New York Representative Anthony Weiner accused Goldline of overcharging with average markups of 90% to 152%.[41][49][52][53][54][55] Dylan Ratigan, a television financial commentator, stated that he agreed that Goldline was involved in manipulating the public.[56] Goldline also offers a "price guarantee program": if the price of selected coins (not bullion) declines within two weeks, the buyer may request the difference be used to purchase coins of the same type (not a refund) so long as it is done within the allowable period of 14 days.[57]

Government and private gold[edit]

Executive Order 6102

In its sales literature, Goldline has drawn a distinction between what it calls "government gold" and "private gold."[48] During the Great Depression, in order to stabilize the dollar then backed by gold and to avoid a run on the banks, U.S. President Franklin D. Roosevelt issued a 1933 executive order requiring citizens to surrender their gold for which they were reimbursed at a price set by the government itself.[46][58] Goldline stated that "private gold" (defined as coins that were explicitly exempted from the 1933 order because of their collector value)[59] would be less likely to be recalled in the future if the government followed the precedent set by Roosevelt, thereby possibly increasing the desirability of collector-grade coins.[48]

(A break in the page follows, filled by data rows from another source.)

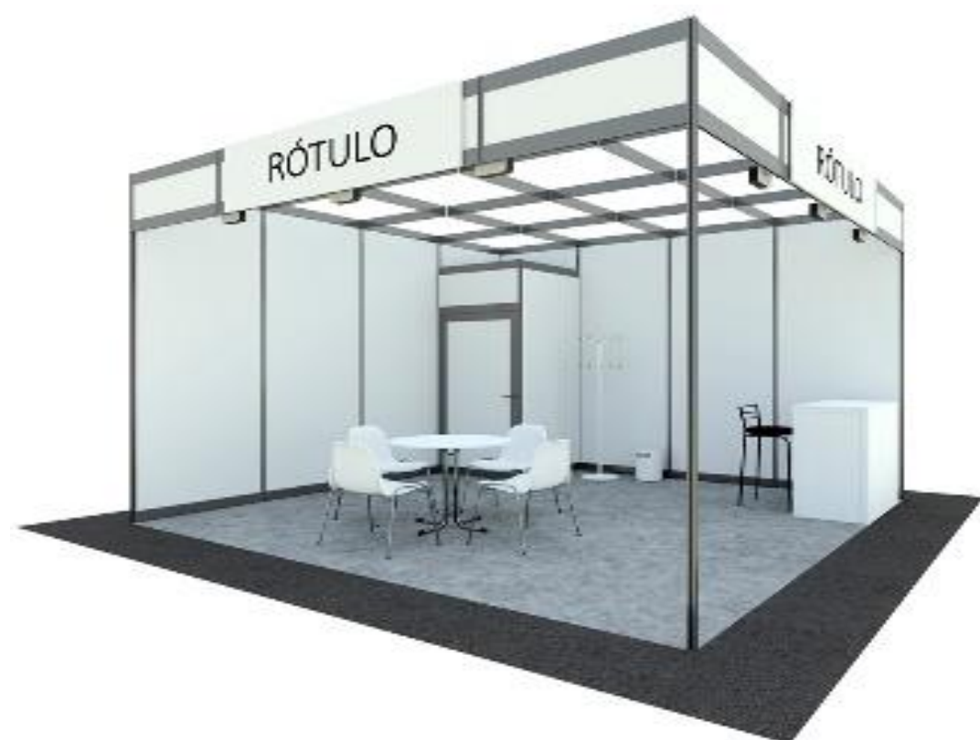
Turnkey "all-inclusive" stand Modular BASIC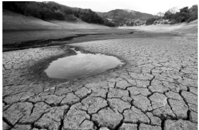
Almaden Reservoir, near San Jose, California, showed the effects of an extreme drought in the state, February 2014.

water has been pumped from underground aquifers that areas of land in California's Central Valley are sinking at an alarming rate, up to a foot per year in one tract. Not only is the subsidence another warning about limited supply, but the land sinkage also disturbs the proper functioning of water infrastructure around the state. Canals were designed with a precise degree of slope to move water by gravity, and the subsidence has disrupted that. A state hydrologist remarked, "We were surprised at the amount of land being affected."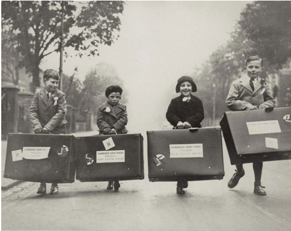
Image: Four children bound for Fairbridge Farm School, Molong 1938.

Using the image of the children above, have the students estimate the size of the suitcases the children are carrying.

The Roosevelt order resulted in only one failed prosecution, and the dollar is no longer backed by gold thereby putting into question why the government would again ask for its surrender.[46][58] Rep. Weiner has expressed doubt of the likelihood of a future recall and the American Numismatic Association said it was "a non issue".[44][46][60] The Santa Monica and L.A. County investigators alleged that the distinction is used to spur the sale of the more-profitable collectible coins.[44]

Goldline includes a replica of the 1933 order in their sales material.[61][62] When asked about this by George Stephanopoulos on ABC's Good Morning America,[63] Scott Carter, the Executive Vice President of Goldline, said he didn't know if the government would again "confiscate" bullion but some saw a parallel between 2010 and 1933.[64]

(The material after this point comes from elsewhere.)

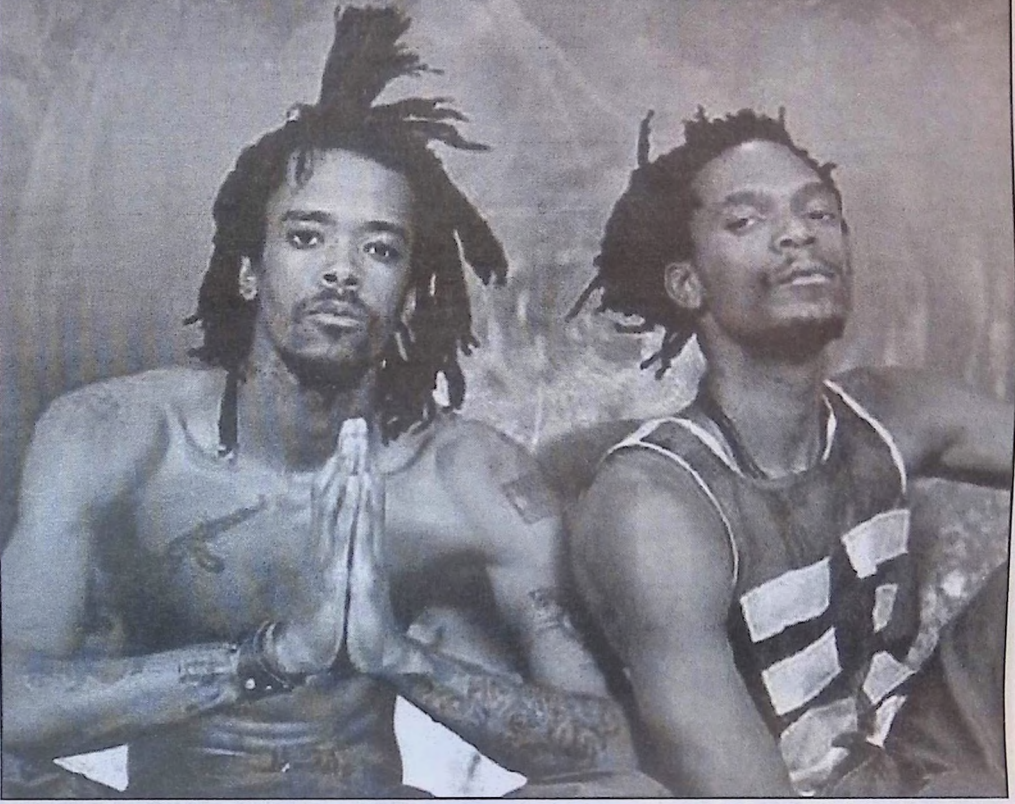
■ Dead Prez: Turning the tables on the racist police?

scope. Ghetto life still informs the lyrics but there are too many concessions to the "gangsta" style. Dead Prez paint a picture of people struggling to make ends meet. It's a life of welfare lines, food stamps and "minimum wage" jobs. It's a life where the fat gold chain image of hip-hop never meets the reality. Speaking from experience they rap about how hopelessness can lead to alcoholism and how the vio-

Collectible coins versus bullion[edit]

American Gold Eagle

Because of collectible coins' higher markups and mention of past government confiscation of bullion in Goldline sales literature, Weiner accused the company of recommending rare collectible coins over less-profitable bullion. Some customers prefer collectibles because they are recognizable, government-issued coins, and may be less expensive.[65]

Investigations and lawsuits[edit]

2006[edit]

In a July 2010 article,[66] Consumer Reports reported that a Goldline sales rep advised one of its reporters liquidate their IRA and retirement account in order to have 20% of their portfolio in gold.[67] This related to an October 2006 consent order, in which Goldline voluntarily agreed to return $217,000.00 to a Missouri elderly couple in exchange for the products purchased for the company after the Missouri Securities Division alleged that the couple was pressured by a Goldline salesperson to liquidate all their investments and put them into gold. The Missouri Secretary of State Securities Division investigated and alleged that the company's agent was acting as an unregistered investment advisor, but the consent order did not judge whether the accusation was true or false.[68] Goldline sales staff are not legally allowed to provide investment advice.[41][44][69]

2010[edit]

The cover of Representative Anthony Weiner's report "As Seen on TV: An Investigation of Goldline International"[41]

In September 2010, the Subcommittee on Energy, Commerce and Consumer Protection held a hearing on proposed legislation by then Congressman Anthony Weiner regarding mandatory disclosures for the sale of coins and precious metals. Goldline Executive Vice President Scott Carter was invited to testify at the hearing.[70] The Chairman of the Committee on Energy, Commerce and Consumer Protection attended as an ex officio member and stated at the outset of the hearing, “I also don't think it's appropriate to hold a hearing because this is a substance that's being advertised on Glenn Beck or Rachel Maddow or anybody else.” Carter testified regarding Goldline’s sales practices and client policies as well as concerns about the proposed legislation. The former director of the FTC’s Bureau of Consumer Protection testified, “the best protection remains the common law principles that the Commission enforces. Goldline’s practices are entirely consistent with these principles."[71] No action was taken on the proposed legislation following the subcommittee hearing. Weiner’s legislation never received a co-sponsor in the House of Representatives and no Senator agreed to introduce similar legislation in the Senate. Weiner never attempted to move the legislation out of subcommittee.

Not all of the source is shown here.